"Hebridean Princess In Pictures" by Bryan Kennedy is a wonderful large format book: a magnificent evocation of an icon. The small cruise ship "Hebridean Princess" will be known to all who live along the western seaboard of Scotland and to many who visit the area and, as this book proves, by others who have seen her during her further flung cruises. And in recent years her existence has come to the notice of a much wider audience as she has been chartered on two separate occasions, in 2006 and 2010, by HM The Queen to allow the Royal Family to relive the joys of the Scottish cruises they used to undertake aboard the Royal Yacht Britannia.
It is no exaggeration to describe the Hebridean Princess as iconic. Part of this comes from the sheer exclusivity of her operations. With a maximum of 50 passengers on board and a crew to passenger ratio of nearly one to one, she is, in effect, a wandering country house hotel. What makes her truly iconic, however, is her very close association with the western seaboard of Scotland. Many of her cruises take in different parts of the highlands and islands, and the annual programme usually includes at least one opportunity to visit remote St Kilda, far out into the Atlantic beyond the Western Isles. And perhaps the third element that makes her truly unique relates to her very humble origins. The Hebridean Princess was built in 1964 in Aberdeen as the car ferry "Columba", a role she retained until 1988: though little of this past life is evident to those fortunate enough to enjoy a cruise on her today.

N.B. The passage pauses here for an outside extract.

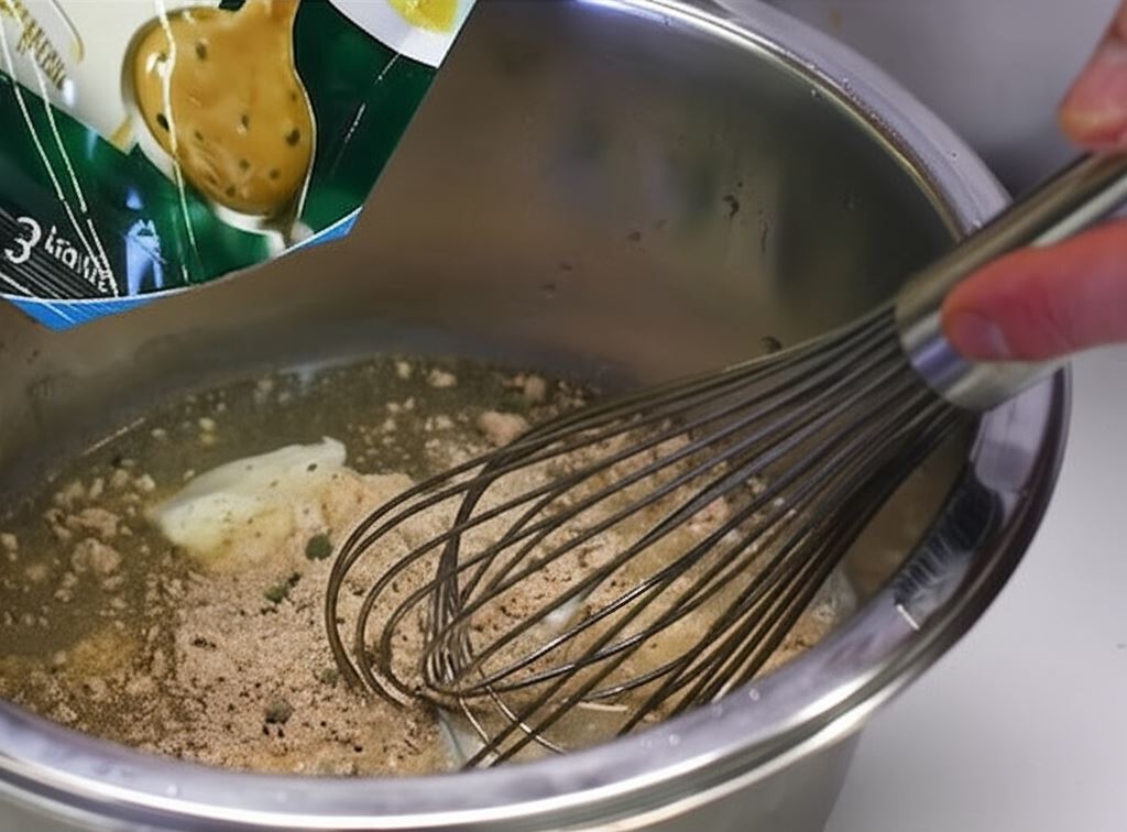 Przygotuj sos do pieczeni według instrukcji na opakowaniu. Serwuj z ugotowanymi szparagami i sosem pieprzowym.

Bryan Kennedy's splendid book gives a taste of life on board the Hebridean Princess, but for the most part he focuses, literally, on the ship herself and the many and varied places she has visited and continues to visit. To describe it as a "labour of love" seems to do little justice to the huge amount of time the author clearly spent taking the excellent photographs on view between the covers, which are complemented by long and informative captions. Slightly more than half of the book deals with the ship in what you might call her natural habitat, Scottish waters, and the result is a beguiling travelogue. The rest of the book covers the Hebridean Princess's further flung wanderings, including England, Ireland, the Isle of Man, Wales, France and Norway.